● Instructions to follow:
Quote only the span from the first line of the entries to the line containing "手触发光网络节点科技感图像", both ends kept. Leave every picture out.

Stored records:
***
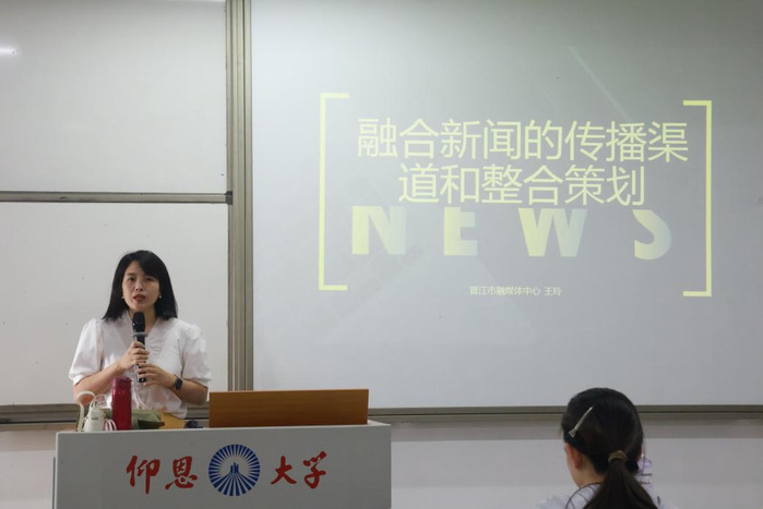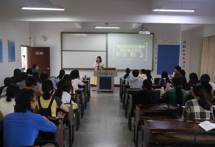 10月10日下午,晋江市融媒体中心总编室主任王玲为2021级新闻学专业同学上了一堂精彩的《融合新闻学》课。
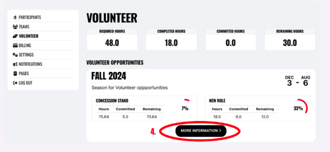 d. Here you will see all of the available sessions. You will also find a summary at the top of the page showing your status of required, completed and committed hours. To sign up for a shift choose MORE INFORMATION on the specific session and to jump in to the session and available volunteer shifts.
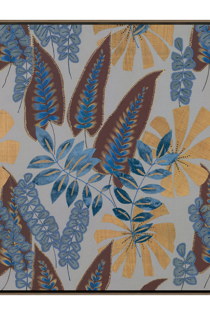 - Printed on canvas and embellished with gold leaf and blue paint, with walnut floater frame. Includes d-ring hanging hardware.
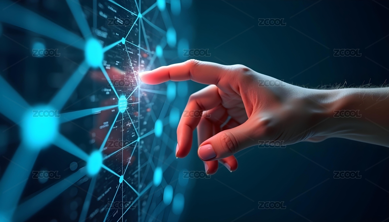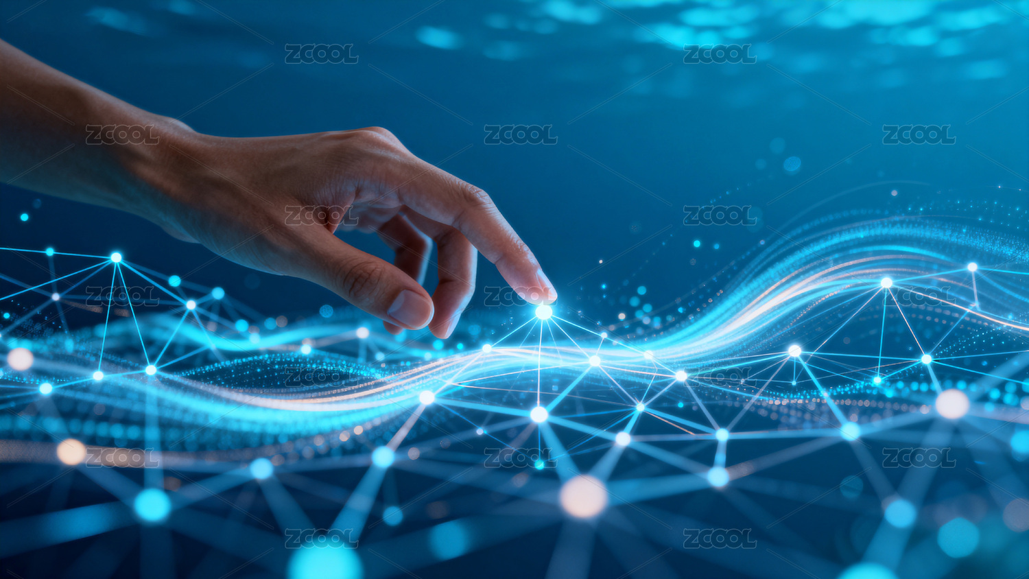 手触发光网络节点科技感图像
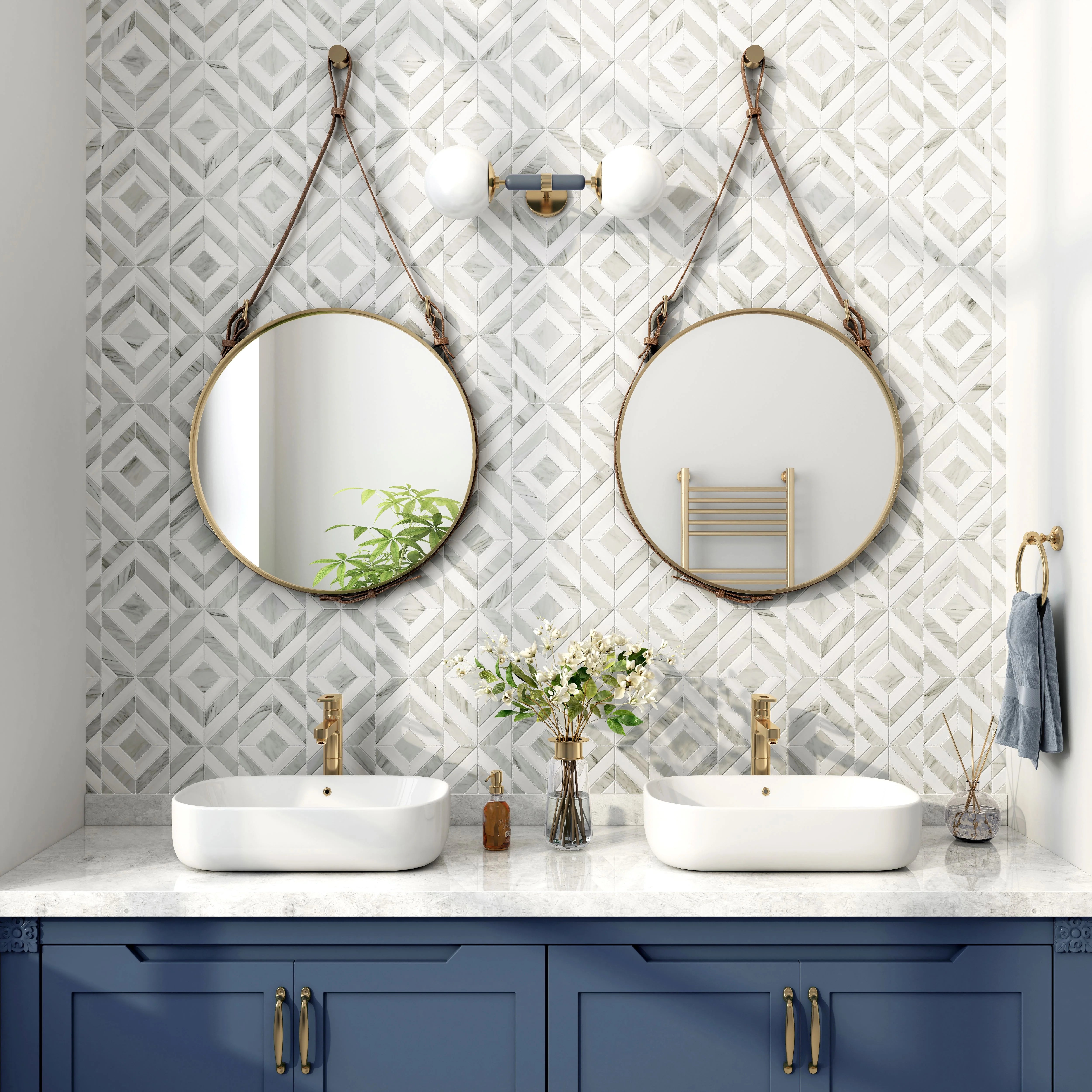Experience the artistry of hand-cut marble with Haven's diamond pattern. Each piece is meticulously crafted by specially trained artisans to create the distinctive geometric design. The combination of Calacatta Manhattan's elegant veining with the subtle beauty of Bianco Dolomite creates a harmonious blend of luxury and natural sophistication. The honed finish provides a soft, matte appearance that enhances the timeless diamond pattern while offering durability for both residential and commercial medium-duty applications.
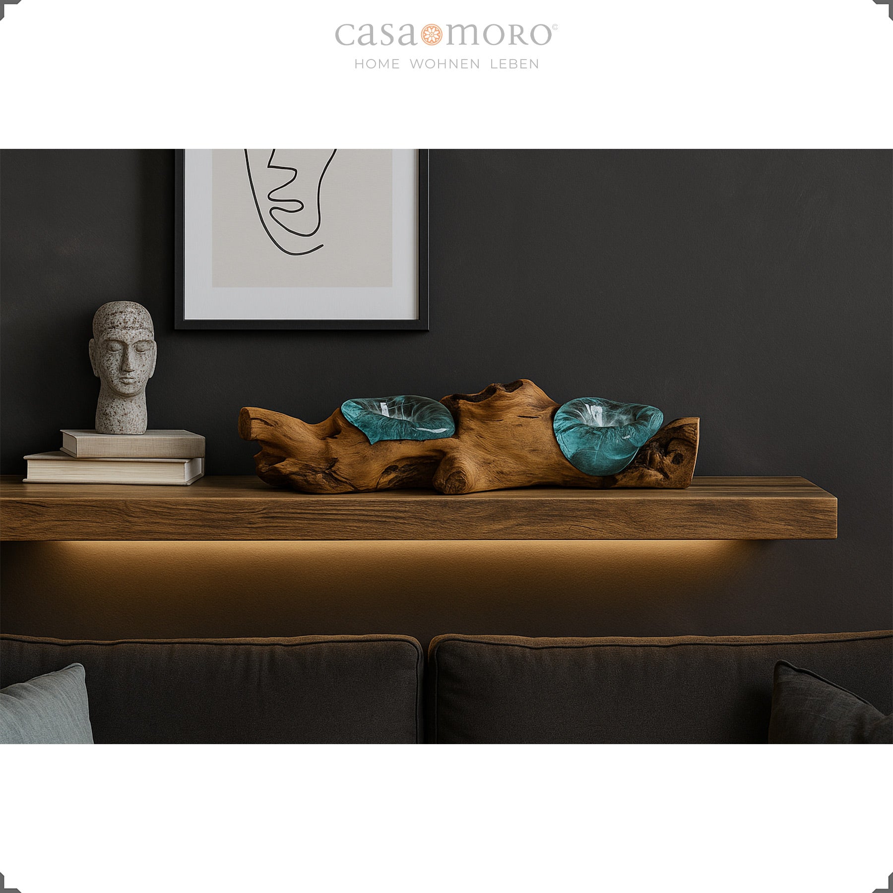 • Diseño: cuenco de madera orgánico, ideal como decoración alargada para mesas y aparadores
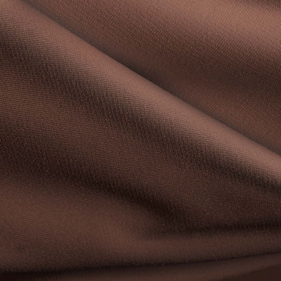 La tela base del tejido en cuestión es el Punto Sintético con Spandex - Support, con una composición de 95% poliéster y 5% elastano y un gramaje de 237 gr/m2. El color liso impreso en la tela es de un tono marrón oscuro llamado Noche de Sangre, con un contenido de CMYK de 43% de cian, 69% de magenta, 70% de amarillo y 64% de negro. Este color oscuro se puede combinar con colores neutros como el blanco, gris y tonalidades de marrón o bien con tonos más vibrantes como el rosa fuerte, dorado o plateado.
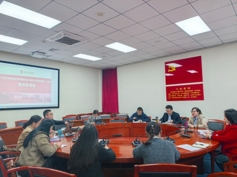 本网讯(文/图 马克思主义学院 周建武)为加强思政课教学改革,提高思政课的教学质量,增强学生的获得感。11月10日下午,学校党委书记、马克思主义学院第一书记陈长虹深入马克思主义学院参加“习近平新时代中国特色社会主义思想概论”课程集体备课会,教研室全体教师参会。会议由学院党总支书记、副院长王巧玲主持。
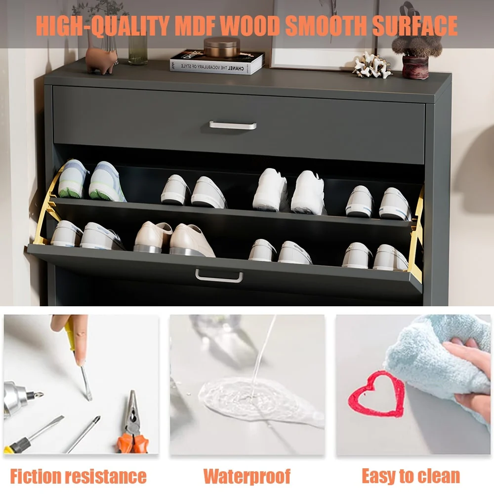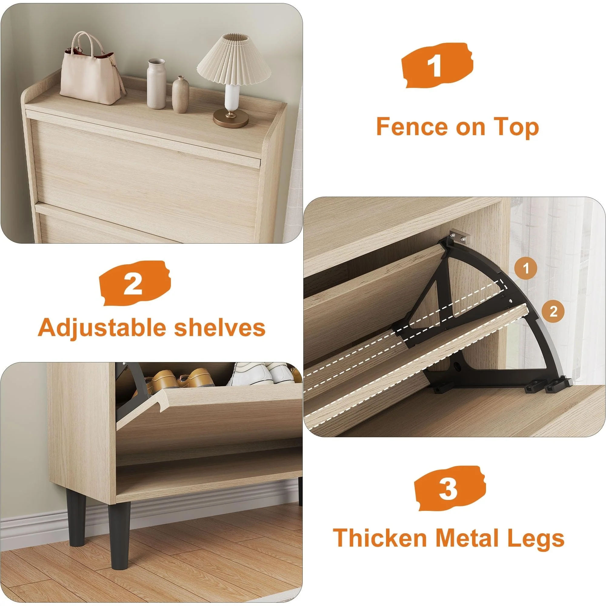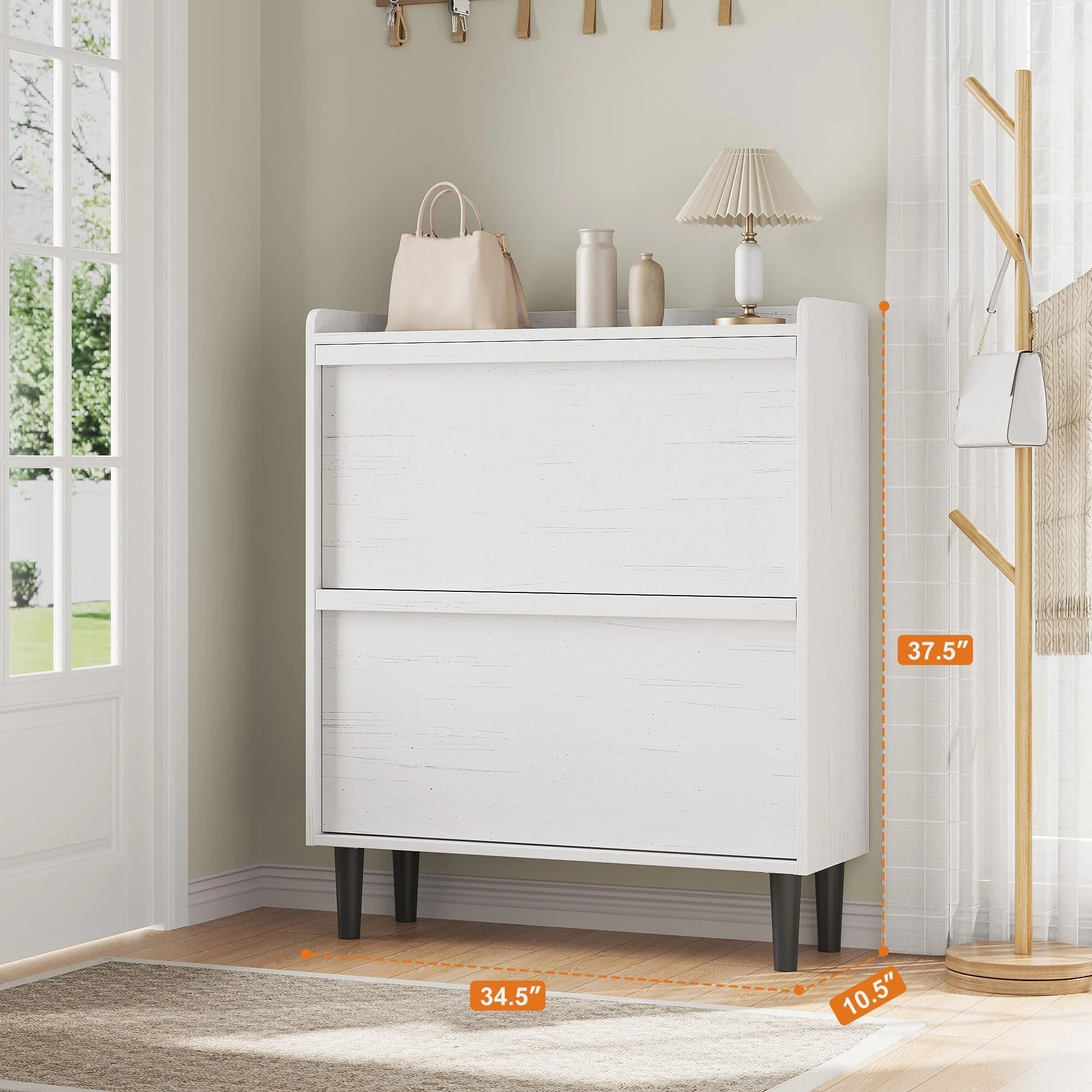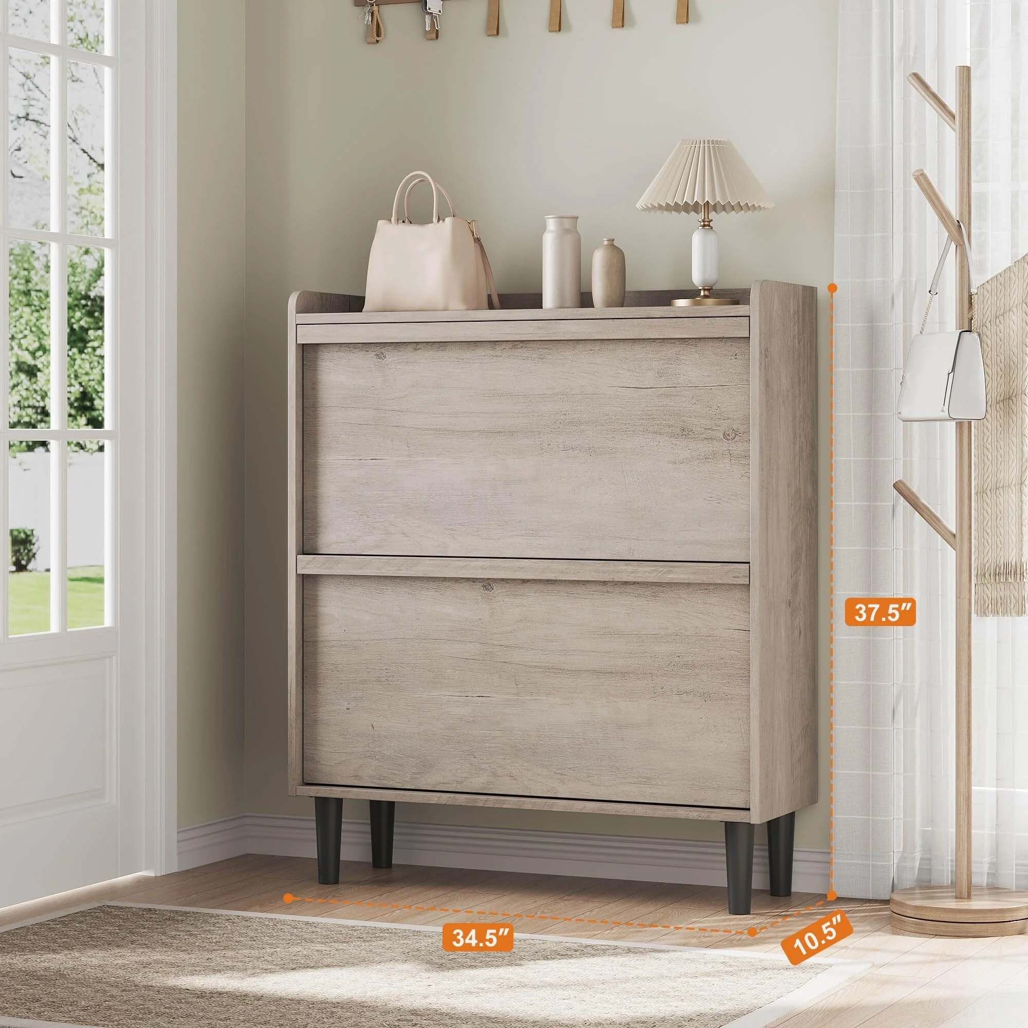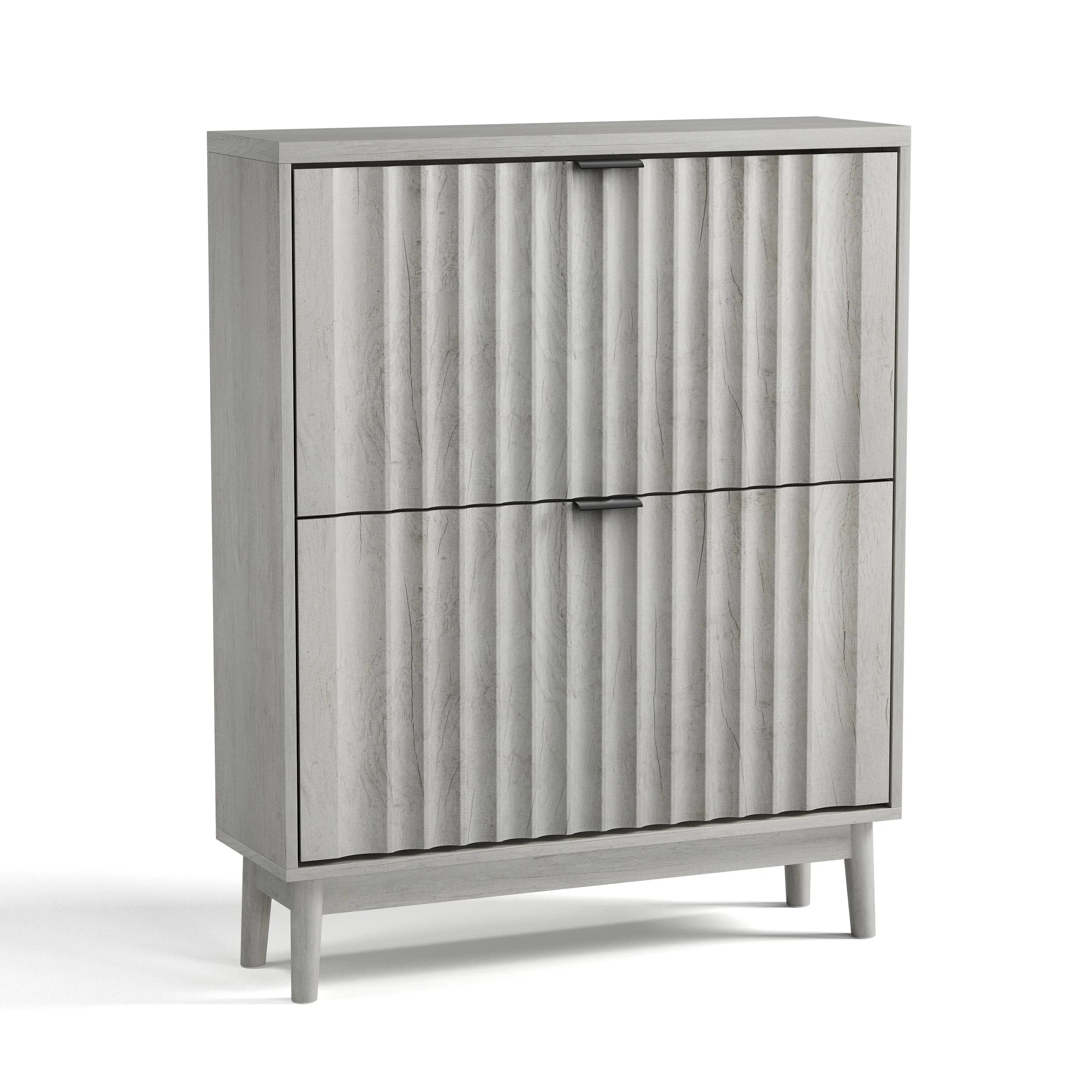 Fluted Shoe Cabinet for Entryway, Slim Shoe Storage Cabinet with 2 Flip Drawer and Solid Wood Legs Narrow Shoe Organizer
***
● Answer section:
 10月10日下午,晋江市融媒体中心总编室主任王玲为2021级新闻学专业同学上了一堂精彩的《融合新闻学》课。
 d. Here you will see all of the available sessions. You will also find a summary at the top of the page showing your status of required, completed and committed hours. To sign up for a shift choose MORE INFORMATION on the specific session and to jump in to the session and available volunteer shifts.
 - Printed on canvas and embellished with gold leaf and blue paint, with walnut floater frame. Includes d-ring hanging hardware.
 手触发光网络节点科技感图像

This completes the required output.